Gee whiz, here comes that G20 again. Finance ministers and central bankers from the Group of 20 principal economic powers have just met in Gyeongju, South Korea, for detailed advance work for the November summit of heads of member governments in Seoul.
This latest gathering of finance gurus has occurred as the United States dollar slides against other currencies, fiscal and payment deficits continue to balloon, and financial services firms remain mired in mortgage foreclosure review misbehavior.
From a more personal perspectives in the United States, unemployment persists unacceptably high near 10 percent, individual private debt remains a heavy collective burden, and political rhetoric escalates emotionally just before the November elections.
Who cares about a gathering of government big shots who dwell in a world removed from the average person?
The answer is you should care, for several central reasons.
Today, actions taken by these officials have profound lasting impacts on the majority of the population of the world. National finance ministries manage international policy machinery, which is proving to be remarkably effective, and this system long-term has undeniably promoted both global economic prosperity and international political stability.
That translates into a better, more secure life for most people. The many who have lost money and lost jobs in the recession have better odds to regain economic ground, and recover sooner, because of this relatively stable underlying foundation.
In one sense, the G20 is coming home again through the Korea meetings. The international financial organization was established in 1999, spurred by the Asia financial crisis of 1997. In that experience, the sudden collapse of the Thai currency spread like a financial gasoline fire throughout the enormous Pacific region.
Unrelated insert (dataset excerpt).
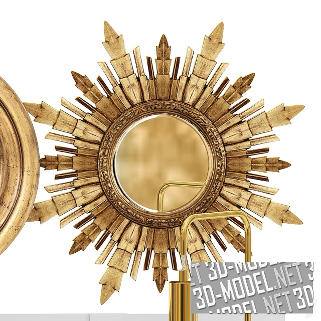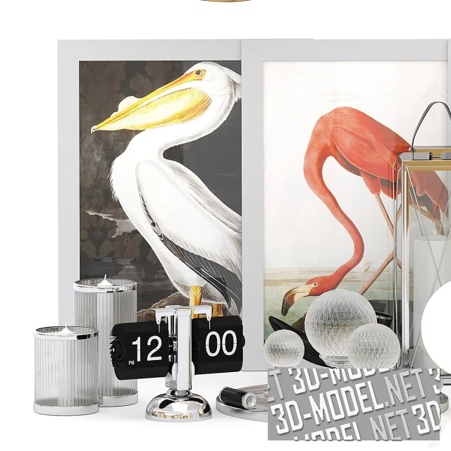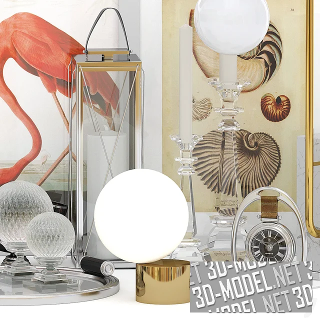 Современный интерьерный декор в наборе от Eichholtz. В наборе: два декоративных круглых зеркала в золотистых рамах (с багетным профилем и в виде стилизованного Солнца), настольный светильник с тонкой гнутой стойкой из золотистого металла на подставке из куска белого с серым мрамора, настольный светильник с белым шариком плафона назолотистом цилиндре подставки, три картины (пеликан, фламинго, морские раковины) в белых рамках, круглый поднос с хрустальными шарами на подставках, настольный стильный календарь, настольные часики, подсвечники нескольких видов.
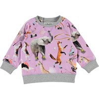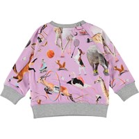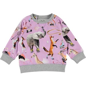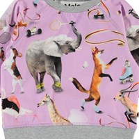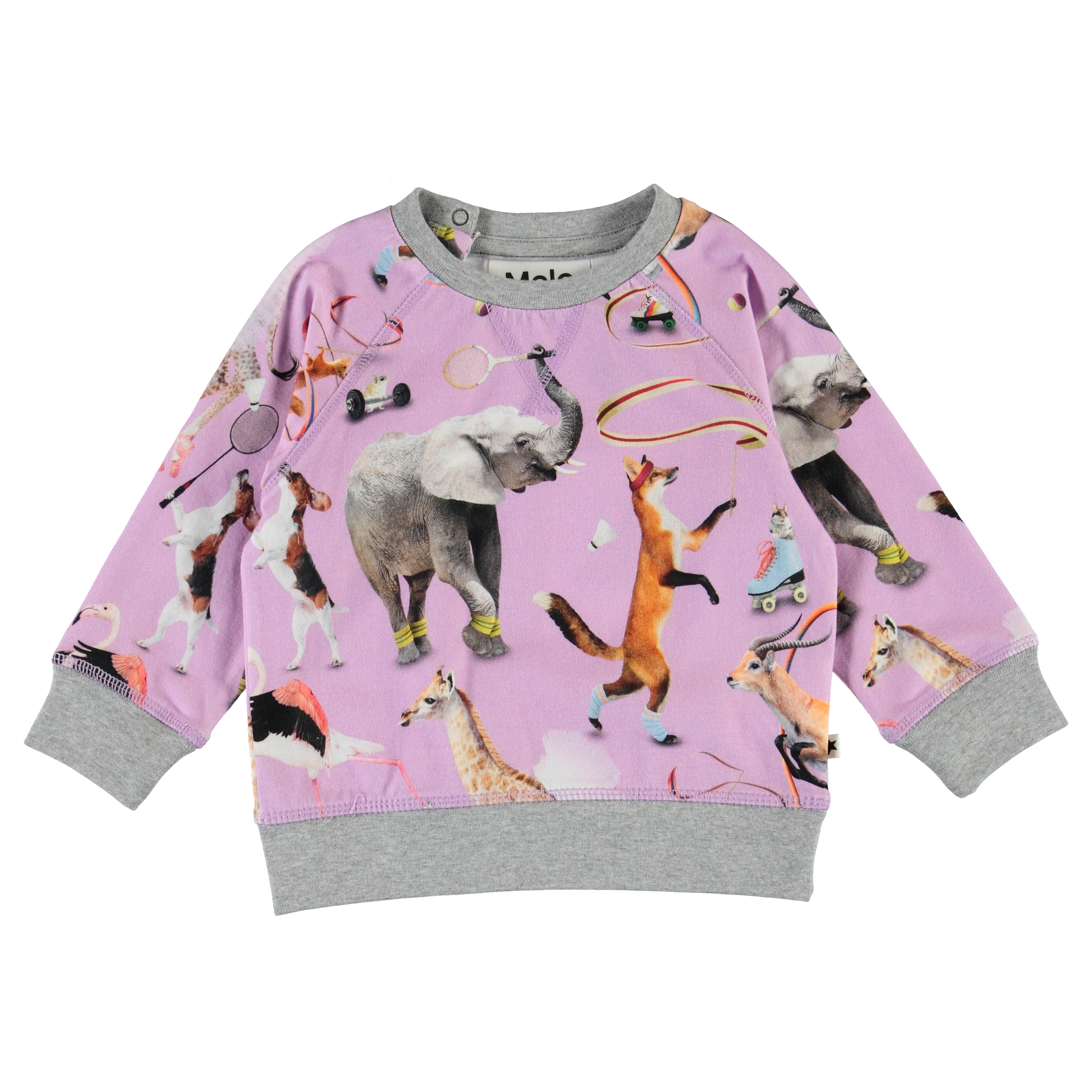 Elsa ist eine lila Babybluse mit Druck verschiedener Tiere die Sport treiben. Elsa hat Raglanärmel und einen Druckknopf im Nakken, der das An- und Ausziehen der Bluse erleichtert.

Rapid response by policy leaders, led by the United States, mobilized public and private liquid capital to relieve nearly disastrous financial pressures on the Asia economies. U.S. Federal Reserve Chairman Alan Greenspan and Treasury Secretary Robert Rubin deserve credit for working effectively with President Bill Clinton to calm that earlier crisis.
South Korea was badly hurt by the events of 1997, thanks to excessive financial speculation in the run-up to the crisis. By contrast, the enormous rapidly emerging economy of China, and the sizable relatively sheltered mature economy of Japan, in that context provided useful stabilizing influence.
Japan was a participant in the then-central G7 organization of economically advanced nations. The successor G20 has provided a wider arena to include China, along with Brazil, India and other rapidly industrializing large economies of the world.
The fact that worldwide very poor people are becoming prosperous is good news for everyone. They represent new competitors in the global economy, but also potential new consumers of our products and partners in our investment efforts. Wars are on balance less likely.
President Barack Obama shrewdly picked Pittsburgh as the site for the fall 2009 G20 summit. In the 1980s, that city personified economic decline, as domestic steel manufacturing faded and unemployment approached 20 percent. Sustained high-tech investment has turned that around.
At the 2009 summit, Bill Gates of Microsoft dedicated a new computer science complex at Carnegie-Mellon University. Apple, Disney, Google and Intel are some of the other recent investors in the city.
We've learned through the terrible 20th century experiences that protectionism is ultimately self-defeating, nationalism is dangerous, and there is no substitute for market competition. The G20 provides a workable means of implementing this understanding.